Speaking as an indie author myself(and an occasional reader of other indie books), the thing is that an indie book isn't _necessarily _any better or worse than a published book. The publication process definitely acts as a kind of filter to screen out a lot of the stuff that should have remained hidden in a drawer. But the publication process is also heavily biased towards published authors, i.e. those who already have a good track record; consequently new authors who don't have that history yet find it very difficult to make it through the door. With indie books you don't have that filter to keep out the garbage(and the promising new authors), so while there are a lot of really bad indie books, there are also some really fantastic ones too. Unfortunately the ratio of junk to gems is pretty high. Generally you can tell from the preview and the blurb whether the book is the kind of thing you'll like or not - the same as browsing in a bookstore. So definitely, I say indie novels are worth a look - as long as the author is charging a reasonable price($2 or less).


----------



## Toronto_LV (Apr 14, 2010)

beautiful cover art!


----------



## jesscscott (Aug 5, 2009)

Indie > trad publishers  (originality over conventionality, anytime)


----------



## Gertie Kindle (Nov 6, 2008)

There are some very talented indie authors here on KB.  I have enjoyed the work of several of them and purchased even more of them.  Hopefully, I'll get around to reading them all.  

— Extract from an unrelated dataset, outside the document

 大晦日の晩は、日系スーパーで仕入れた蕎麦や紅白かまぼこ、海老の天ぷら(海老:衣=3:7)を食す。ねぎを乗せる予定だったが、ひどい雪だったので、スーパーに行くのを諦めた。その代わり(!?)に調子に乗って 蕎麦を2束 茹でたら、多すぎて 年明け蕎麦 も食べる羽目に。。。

We owe a debt to trad pubs for making books so readily available to us over the years, but if they can't adjust to the changing needs of their customers, then we will look elsewhere.

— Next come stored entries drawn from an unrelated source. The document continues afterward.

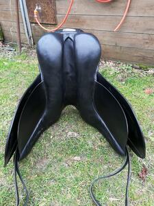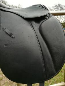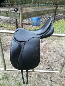 Anderhalf jaar oud dressuur zadel van Stubben, type Avalon 17,5" die neigt naar 18" vanwege de wat vlakke lepel.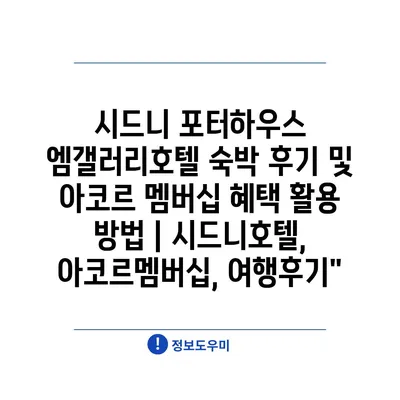 시드니 포터하우스 엠갤러리호텔 숙박 후기 및 아코르 멤버십 혜택 활용 방법 | 시드니호텔, 아코르멤버십, 여행후기”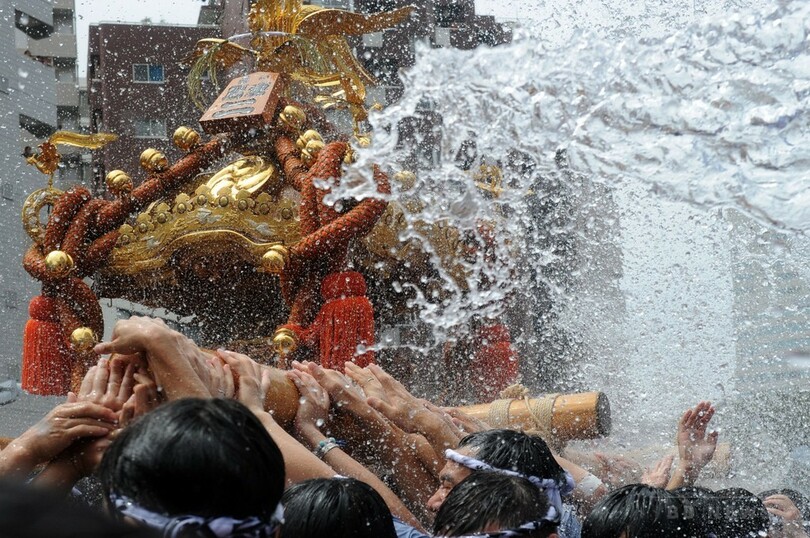 【8月17日 AFP】江戸三大祭の一つ、深川八幡祭り(Fukagawa Hachiman Festival)の連合渡御(とぎょ)が17日、東京都江東区の富岡八幡宮周辺で行われた。沿道の観客からみこし行列の担ぎ手たちに清めの水がかけれられる中、50基以上のみこしが一帯を練り歩いた。(c)AFP

Just because a book is put out by the Big Six doesn't automatically mean it's good and just because it's independently published doesn't automatically mean it's bad.  I've read good and bad of both.


----------



## Brenda Carroll (May 21, 2009)

I'm naturally biased because I'm an Indie Author.  Of course, I want people to read my books, but I also read.  That is where I caught the writing bug when I was very young.  I wanted to write like Dr. Seuss and Franklin W. Dixon (who turned out to be a collective psuedonym for a bunch of ghost writers for the Hardy Boys Mysteries  ).  Later, I wanted to write like Stephen King and Anne Rice and Tolkien and any variety of writers over the years.  Since the Kindle's debut, I have sold a huge number of books and I've learned a great deal about editing.  I can fully understand the daunting task of editing and perfecting a work and I know that it is nigh on impossible to turn out a perfectly error-free novel on my own.  I have three people working with me right now and there are always more typos, more grammatical errors and more continuance faux pas to find every time I re-read one of my books, but I, as well as my books are works in progress.... eternally.  I have read a number of novels produced by the authors on these boards and have found some real treasures... along with some flops.  But I've found the same at Barnes & Noble brick and mortar establishments.


----------



## 5711 (Sep 18, 2009)

So many great comments here. I do buy self-pubbed books but should buy more. A few thoughts: 

The sample has changed everything -- it gives anyone a fair shot. It has to grab the reader, whether indie or traditional. It's the great leveler. And while traditional publishers pack their samples with a bunch of front matter -- including blurb quotes -- that most readers just flip through to get to the story, us indie authors are able to get right to it. 

That said, the editing and formatting have to be about as good as what publishers offer. Readers are smart and a sample rife with typos and layout issues is the red flag that smacks them in the forehead. So they move on. Traditional publishers don't do a lot of developmental editing anymore, but they do use copy editors. I urge fellow indie authors to get a second set of eyes on their work if they don't have a background in proofing content or editing. It's what no one wants to hear after getting out that great story, but it's critical. 

I'm seeing so many interesting stories coming from indie writers, and I find myself putting down more books from traditional publishers because they are either too safe or just don't cut it. These are exciting times for readers and authors. I'm probably dating myself, but it reminds me of the late 70s and early 80s when tons of music lovers turned their backs on what every radio station was playing and starting hearing new music. So is Kindle et al early MTV? Poor analogy, but it's something like that. Hopefully it won't end up like today's version. 

-- Steve


----------



## CaroleC (Apr 19, 2010)

I have not bought any self published books for the Kindle. I like reading non-fiction and most that I have seen so far are fictional series. Maybe I haven't looked far enough.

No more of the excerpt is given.